Hi everyone, I'm a n00b both here and to acoustics in general. I'm currently working on a small dedicated theater in a spare bedroom in our house (pictures to follow in the dedicated theater thread at a later date) and I had a general question about side-firing woofers. The room I'm using is pretty small, (12'10" long, 11'6" wide, 8' tall) with a 80" wide screen. Obviously there isn't a lot of leeway in the placement of the front speakers. I'm using Acoustic Research 312HOs which have a 12" side-firing woofer and a rear port. I haven't gotten to the point of doing any measurements in the room but I plan to put a 12"x12"x17" floor-ceiling triangle trap in each front corner, some acoustic panels on the side walls and perhaps the ceiling for dealing with reflections, etc.

In general, should the woofers point towards each other, or towards the wall? If they do point out, should I put an acoustic panel right next to the woofer? Should I just try switching them both ways and re-measure? Any help would be greatly appreciated. Thanks!


----------



## tonyvdb (Sep 5, 2007)

I've seen most people point them in towards each other and I do believe that that is the correct way.


----------



## bpape (Sep 14, 2006)

Welcome to The Shack Jon

Firing them toward each other can cause some cancellations. On the other hand, in a narrow room, having them very close to the walls will magnify SBIR issues. Pointing them out with some sufficient trapping directly to their sides might be smoother.

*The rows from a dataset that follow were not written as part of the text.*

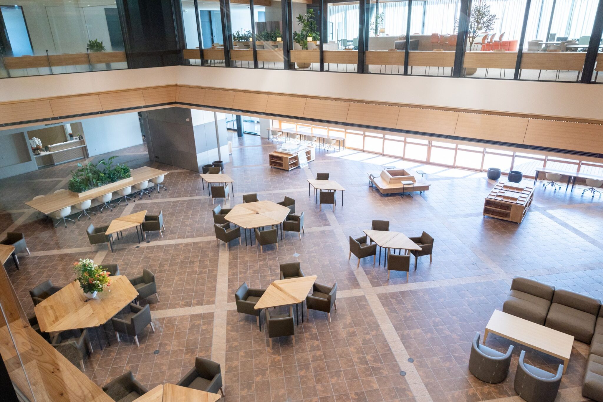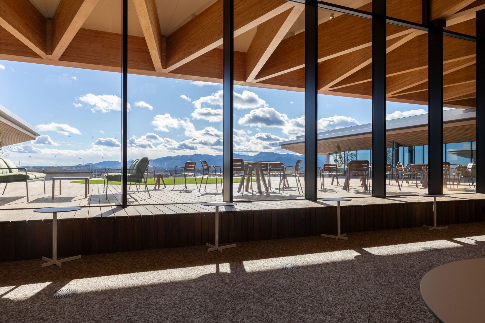 また、3階の窓側にもオープンスペースがあり、外のバルコニーには机、椅子やソファが置かれています。バルコニーからはクマSUNテラスの芝生広場や大野駅、そして阿武隈高地の山並みを一望することができます。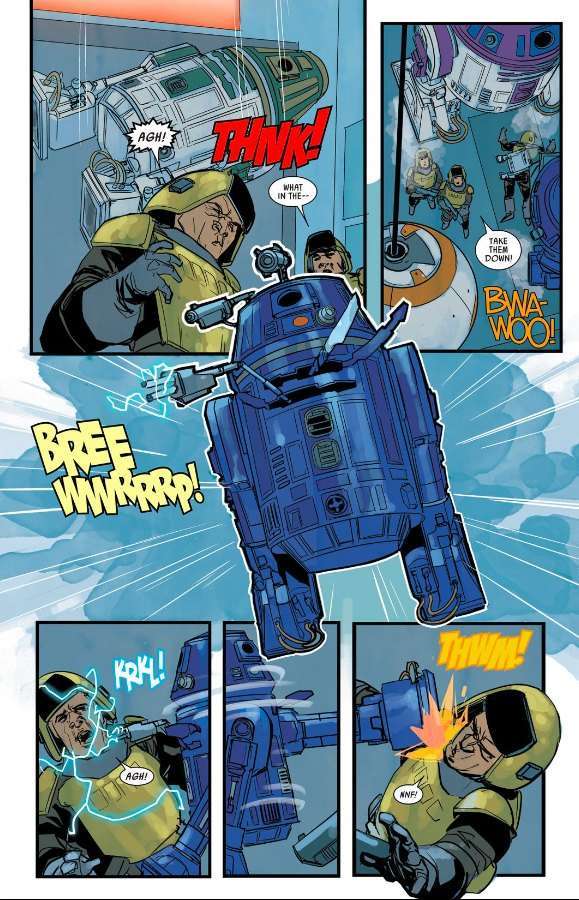 Poe Dameron mette in moto gli eventi dei prossimi numeri, con un numero in parallelo tra tre storyline: Terex espone le sue macchinazioni elaborate contro Grakkus agli altri signori del crimine – e iniziamo a scoprire che è qualcosa di più di un semplice ufficiale del Primo Ordine, Poe Dameron e la Squadriglia Nera cercano di sopravvivere all’assalto dei criminali, BB-8 e gli altri droidi si apprestano a salvare Poe. Il numero non è niente di memorabile, ma conferma l’ottima qualità della scrittura di Soule e del tratto di Noto.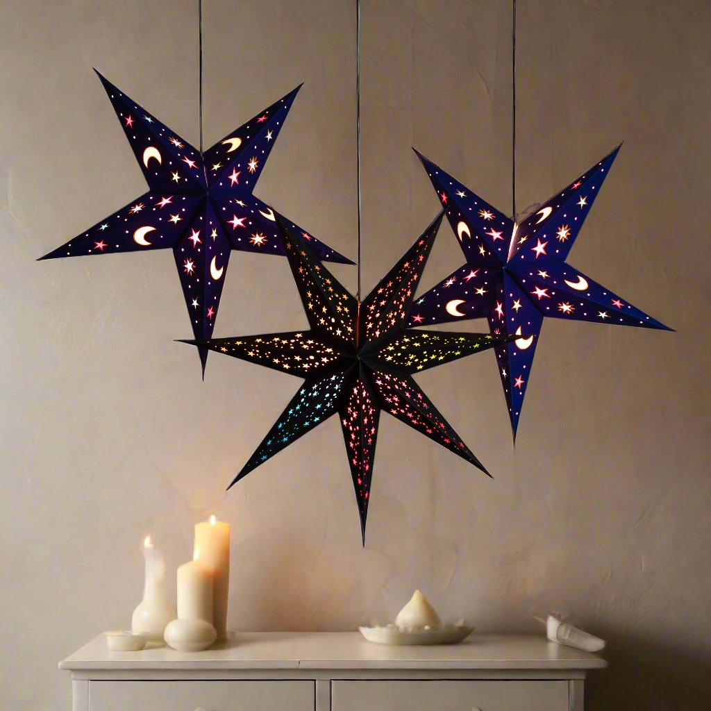 Turn a blank ceiling into a starlit sky. Group Paper Starlights in clusters to form canopies over reception areas, dining spaces, or dance floors. This adds warmth, scale, and wow-factor without permanent fixtures.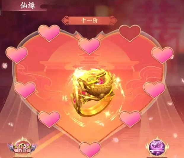 激活戒指后,即可获得相应属性加成,戒指的阶段与等级越高,所增加的属性就越丰厚。夫妻双方互相赠送礼物能够提升爱情值,随着两人爱情值的不断增加,戒指等级也会随之提升,当等级达到特定要求时,还能进一步提升戒指阶段。而戒指阶段的提升,不仅能解锁对应的专属称号,还能增强戒指技能的效果。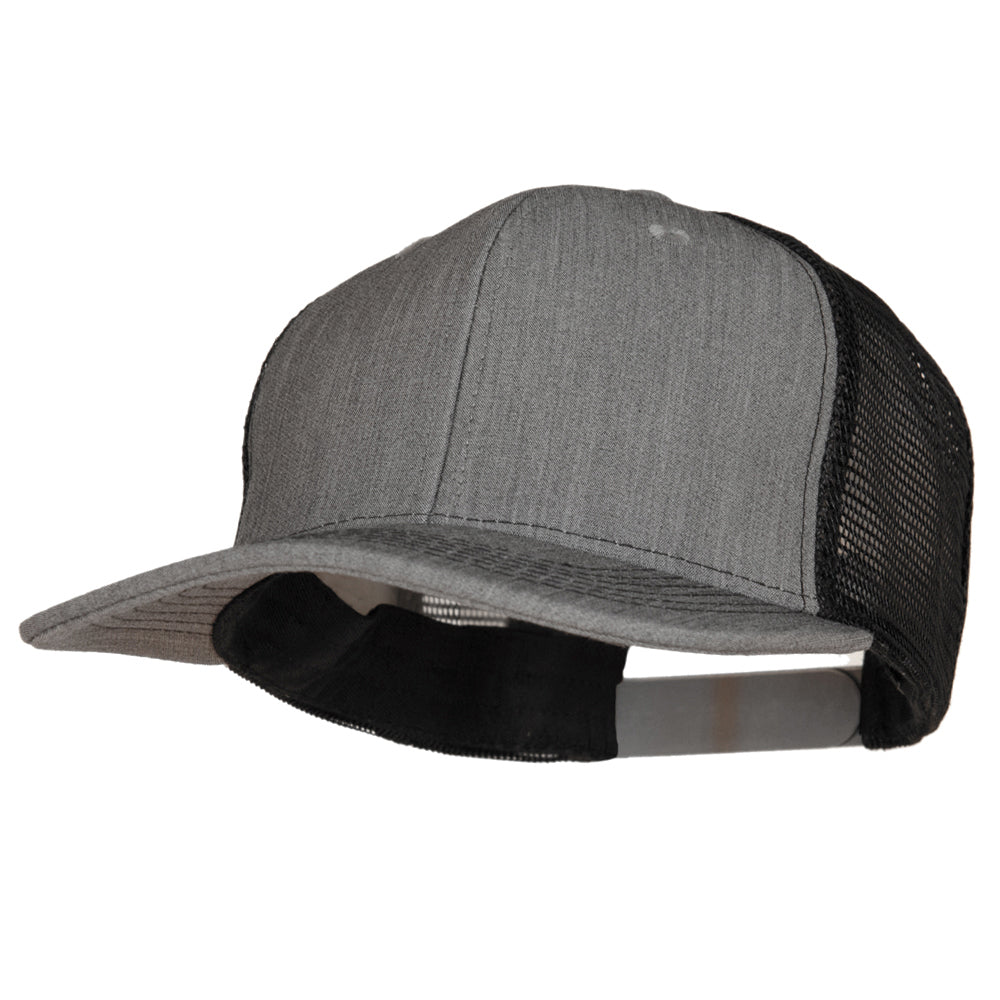 Product Type, Premium Heather High Profile Mesh Trucker Cap.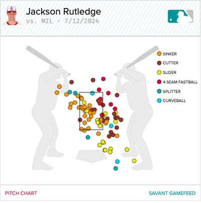 Rutledge took the mound in Milwaukee and retired the Brewers in order in a 15-pitch first, and stranded a one-out single in a 13-pitch second, then a 13-pitch, 1-2-3 third left him at just 41 pitches total, with 9 of 10 retired in three scoreless.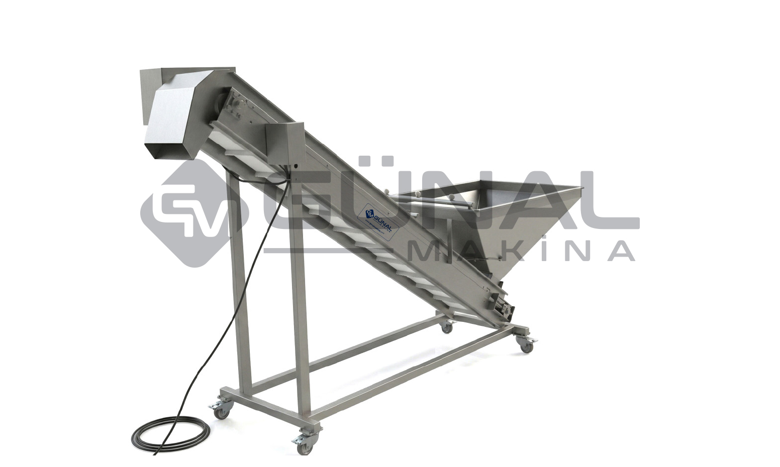 Gıda işleme tesislerinde, zeytin ve taze meyve/sebze gibi narin yapıdaki ürünleri su dolu bir hazne içinden alarak üretim hattına taşımak için tasarlanmıştır. Suyun kaldırma ve yastıklama kuvvetinden faydalanan bu sistem, ürünlerin birbirine veya makine yüzeylerine çarparak zedelenmesini (vuruk oluşumunu) engellerken, taşıma esnasında etkili bir ön yıkama işlemi de gerçekleştirir.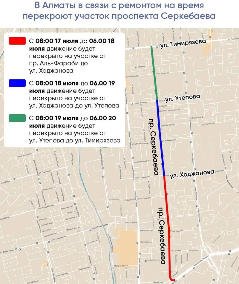 Так, согласно сведениям Telegram-канала AlmatyJoly, с 08:00 17 июля до 06:00 18 июля движение будет перекрыто на участке от пр. Аль-Фараби до ул. Ходжанова.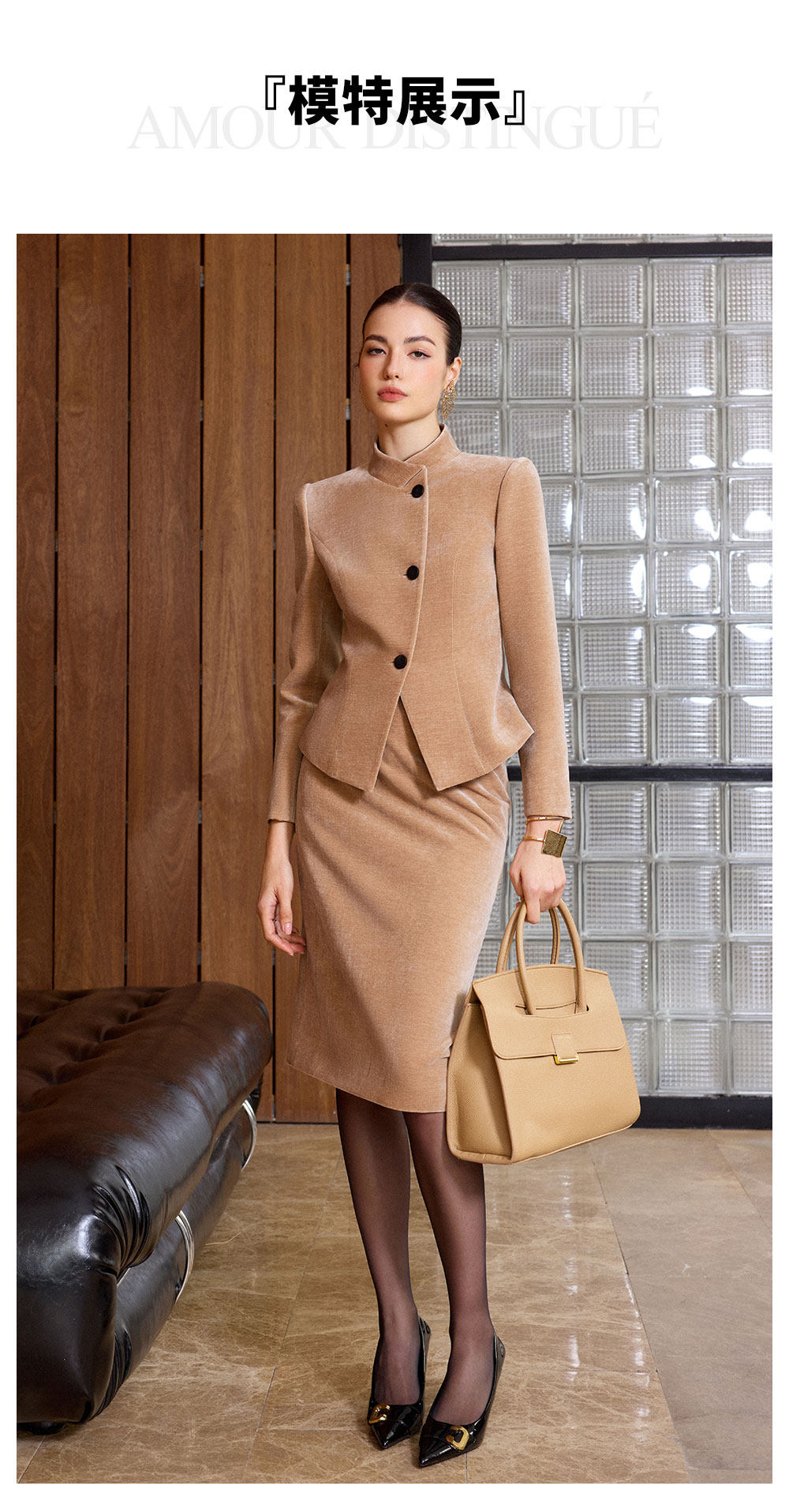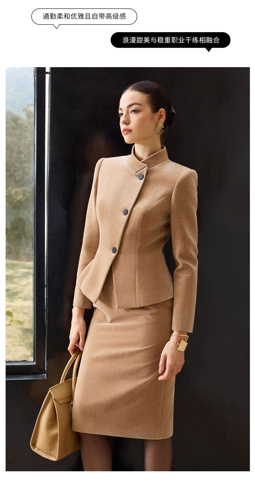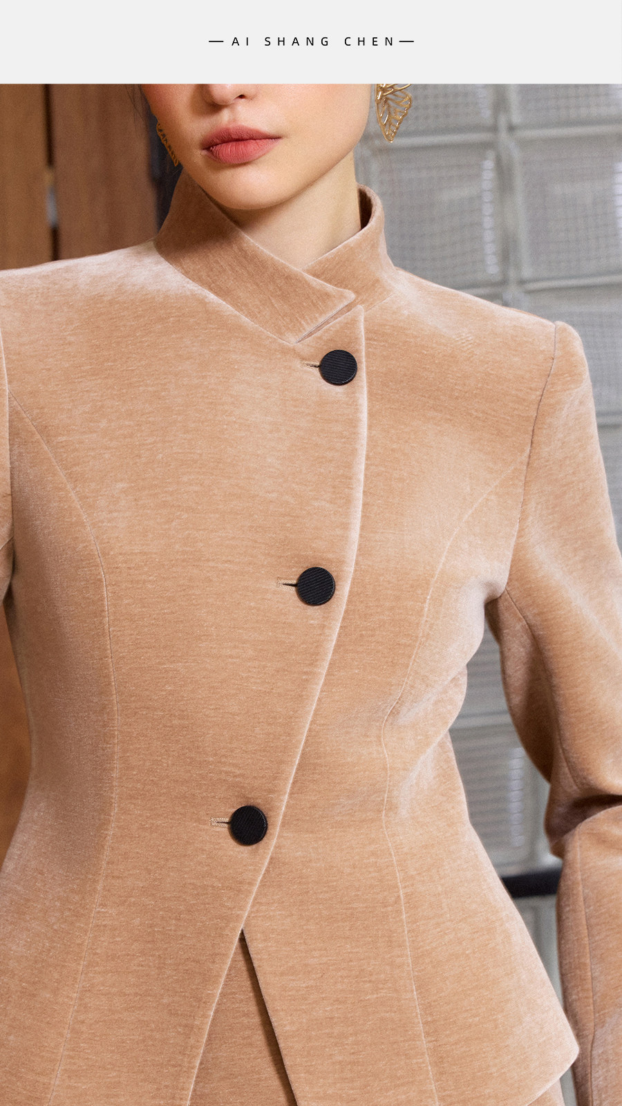 艾尚臣立领西装套装女拼接通勤新中式西服外套气质丝绒裤职业装冬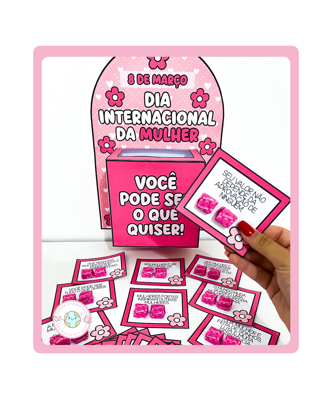 A Caixa Motivacional Dia Internacional da Mulher é a escolha ideal para quem busca uma lembrancinha criativa e personalizada para celebrar o 8 de março. Este recurso pedagógico e corporativo foi desenvolvido para homenagear com propósito, unindo carinho e inspiração em um só lugar.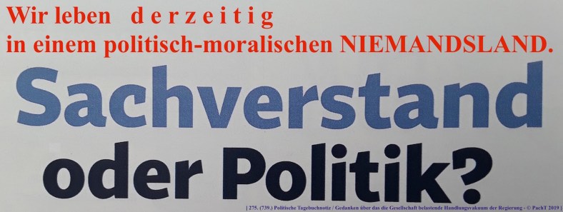 “Politische WELTVERBESSERER gibt es fürwahr genug,aberüber nichts sagende SONNTAGSREDEN mit ungeschickten verbalen SPAGATEN hinaus reicht ihr wirkliches HANDLUNGSVERMÖGEN bei weitem nicht.“ [PachT 20.04.2020]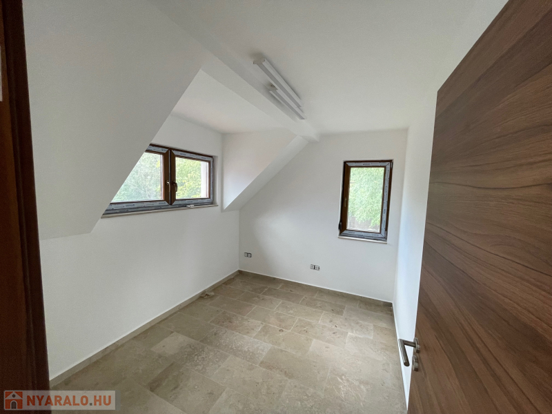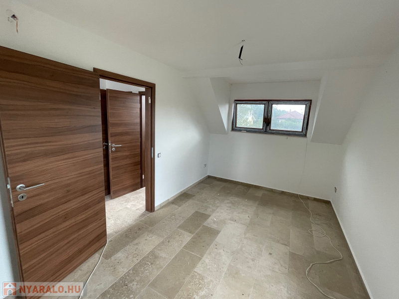 Helyiségei: a földszinten amerikai konyhás nappali, melyhez egy 21 m2-es és egy 12 m2-es terasz kapcsolódik, egy hálószoba, egy zuhanyzós fürdőszoba + WC, az emeleten pedig 1+2 hálószoba, háztartási helyiség és egy WC található.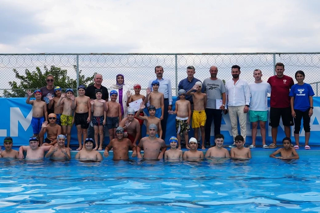Bursa'da Gürsu Belediyesi'nin her yıl yaz döneminde açtığı havuz sezonunda eğitim gören minik yüzücüleri, bu yıl da sertifika dağıtarak mezun etti.

As you surmised, you'll likely want to listen both ways and see what works best based on your specific situation.

Bryan


----------



## Jon F (Jan 31, 2009)

Thanks for the responses. Looks like I'll be dragging those 75lb lumps back and forth across the carpet over the weekend for some testing.


----------



## bpape (Sep 14, 2006)

Hey - that's half the fun - playing with things to see what works best. It's no fun to just plop them down and listen without tweaking a bit :nerd:

Bryan


----------



## Jon F (Jan 31, 2009)

That's true! Not sure my back will agree on Monday, though.


----------



## tonyvdb (Sep 5, 2007)

Try lugging a 150lb sub around the room, I fully understand your pain but its all worth it in the end:T


----------



## Jon F (Jan 31, 2009)

Ha! At this point the wallet is where I'm feeling the most pain! :gulp:


----------